Try it
Repeat the data below exactly, dropping any pictures it holds.

====== Data excerpts

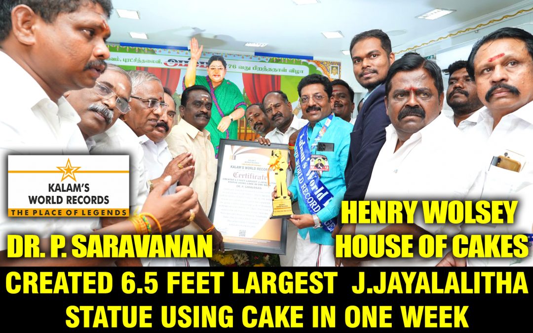 Tamilnadu, India Has Organised a Group World Record Attempt of Created 6.5 Feet Largest J.jayalalitha Statue Using Cake .a Team Successfully Participated and Completed the Group World Record Attempt With 10 Members of Henry Wolsey House of Cakes. This event is Organised by Dr. P. Saravanan Venue: Saravana Multi-speciality Hospital Madurai, Tamil Nadu, India. This Record is Dated 24-02-2024. This achievement is Registered in Kalam’s World Records.
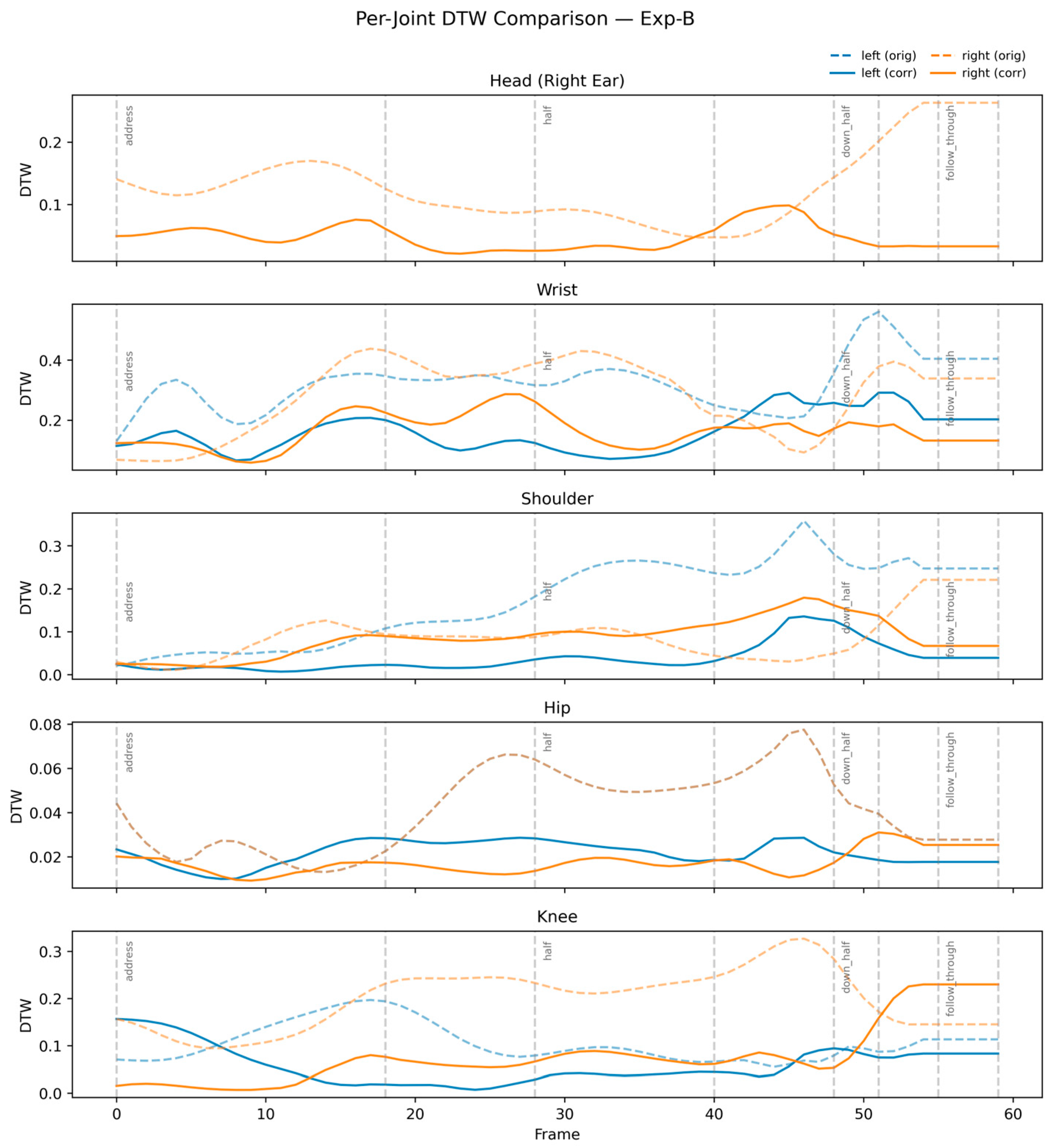 Table 3 shows the Velocity-DTW improvement achieved by Exp-B for User 1. Temporal rhythm alignment improves by 51.27% on average, with the largest gains observed in the wrists and knees—joints most responsible for acceleration and deceleration patterns.
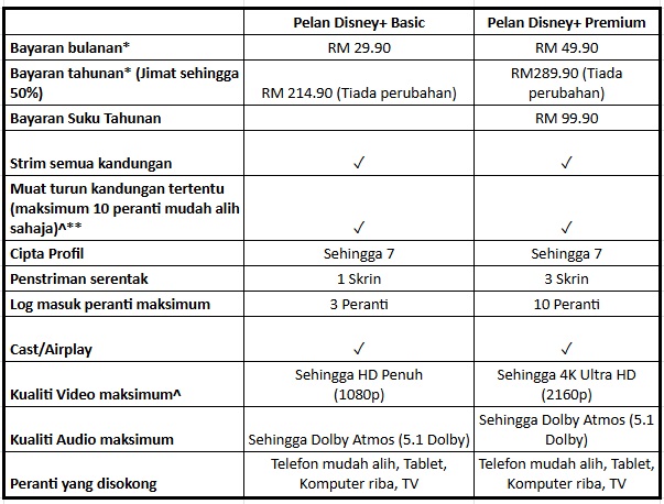 Walau bagaimanapun, harga langganan tahunan kekal tidak berubah iaitu RM214.90 untuk Disney+ Basic dan RM289.90 untuk Disney+ Premium.
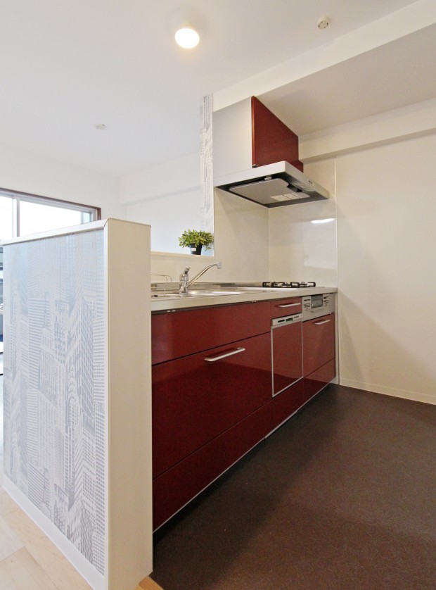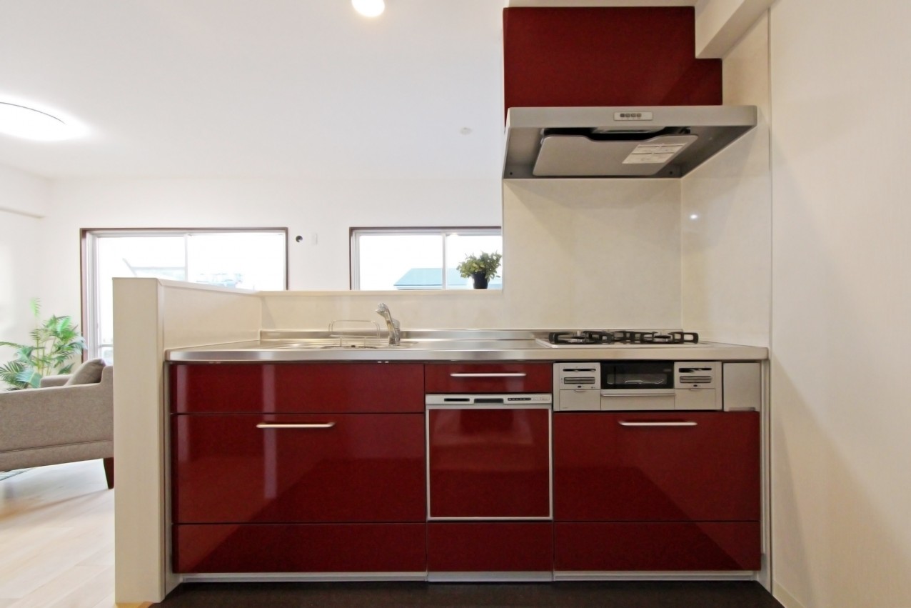 【キッチン】キッチンのサイズはそのまま、周りの袖壁や垂れ壁を無くしたことで、リビングが見渡せる開放感のある空間に。赤色のキッチンがシンプルなお部屋のアクセントに。
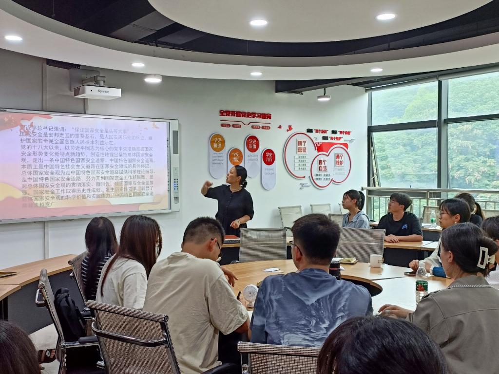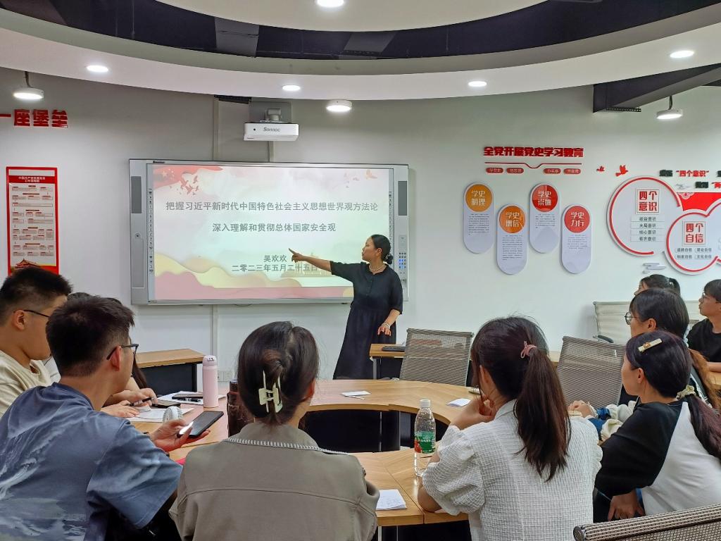 为深入学习贯彻习近平新时代中国特色社会主义思想,加深支部党员对“国家安全观”的认识,树立牢固总体国家安全观,2023年5月25日中午,388vip太阳集团党委副书记吴欢欢在涵智楼1217会议室开展了题为《把握习近平新时代中国特色社会主义思想世界观方法论,深入理解和贯彻总体国家安全观》的专题党课,支部全体党员参加了学习。
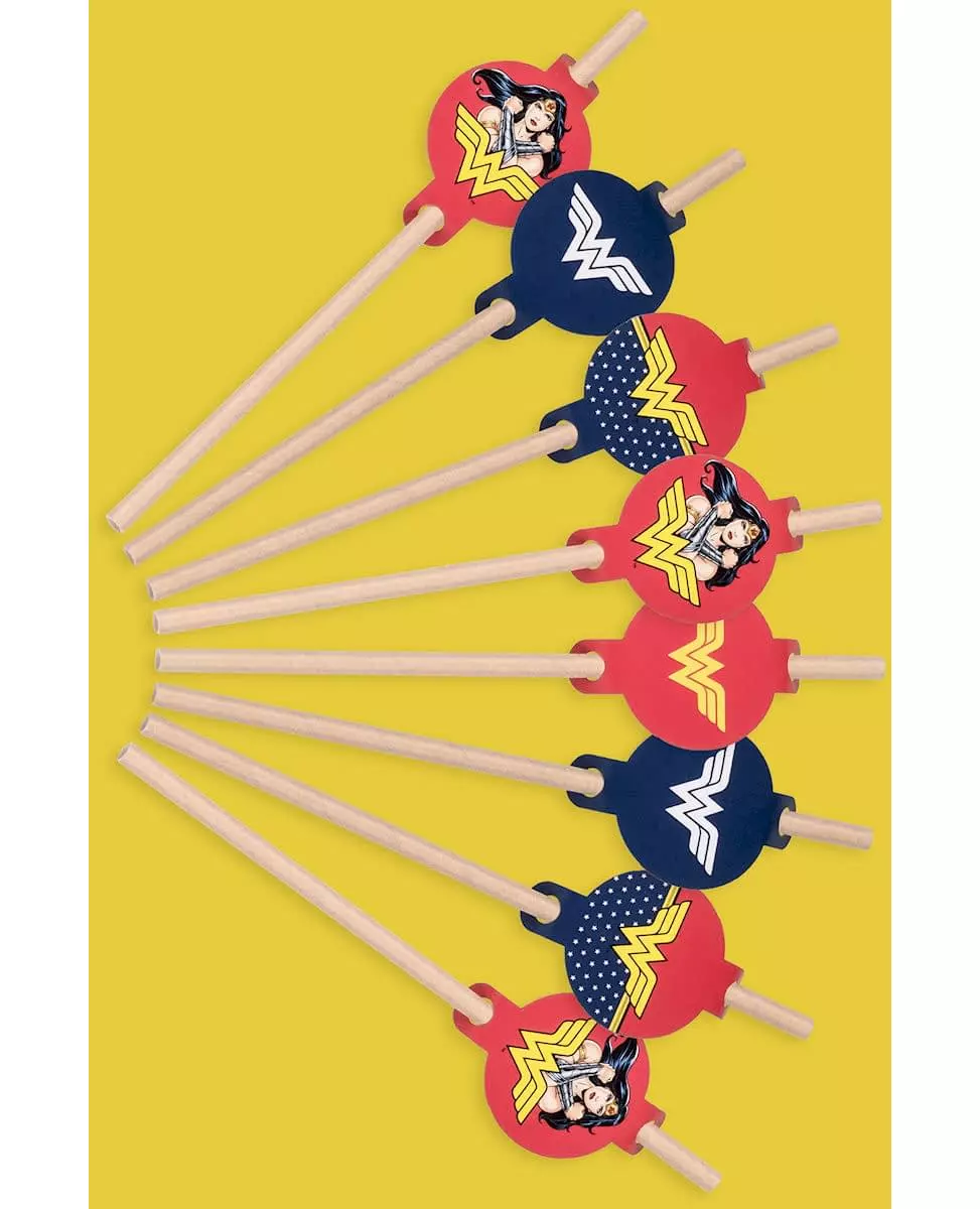 Til en heltinnes bursdag! Dette offisielt lisensierte Wonder Woman-settet inneholder 8 pappsugerør dekorert med en pappmedaljong og er 20 cm lange. Medaljongene representerer Wonder Woman og logoen hennes på en rød og mørkeblå bakgrunn. Disse sugerørene vil være perfekte for å fullføre borddekorasjonen din til en Wonder Woman-bursdag! Inkludert tilbehør: 8 sugerør 8 medaljonger Materiale: Papp Vedlikehold: Ikke vask

============

Completed task
 Tamilnadu, India Has Organised a Group World Record Attempt of Created 6.5 Feet Largest J.jayalalitha Statue Using Cake .a Team Successfully Participated and Completed the Group World Record Attempt With 10 Members of Henry Wolsey House of Cakes. This event is Organised by Dr. P. Saravanan Venue: Saravana Multi-speciality Hospital Madurai, Tamil Nadu, India. This Record is Dated 24-02-2024. This achievement is Registered in Kalam’s World Records.
 Table 3 shows the Velocity-DTW improvement achieved by Exp-B for User 1. Temporal rhythm alignment improves by 51.27% on average, with the largest gains observed in the wrists and knees—joints most responsible for acceleration and deceleration patterns.
 Walau bagaimanapun, harga langganan tahunan kekal tidak berubah iaitu RM214.90 untuk Disney+ Basic dan RM289.90 untuk Disney+ Premium.
 【キッチン】キッチンのサイズはそのまま、周りの袖壁や垂れ壁を無くしたことで、リビングが見渡せる開放感のある空間に。赤色のキッチンがシンプルなお部屋のアクセントに。
 为深入学习贯彻习近平新时代中国特色社会主义思想,加深支部党员对“国家安全观”的认识,树立牢固总体国家安全观,2023年5月25日中午,388vip太阳集团党委副书记吴欢欢在涵智楼1217会议室开展了题为《把握习近平新时代中国特色社会主义思想世界观方法论,深入理解和贯彻总体国家安全观》的专题党课,支部全体党员参加了学习。
 Til en heltinnes bursdag! Dette offisielt lisensierte Wonder Woman-settet inneholder 8 pappsugerør dekorert med en pappmedaljong og er 20 cm lange. Medaljongene representerer Wonder Woman og logoen hennes på en rød og mørkeblå bakgrunn. Disse sugerørene vil være perfekte for å fullføre borddekorasjonen din til en Wonder Woman-bursdag! Inkludert tilbehør: 8 sugerør 8 medaljonger Materiale: Papp Vedlikehold: Ikke vask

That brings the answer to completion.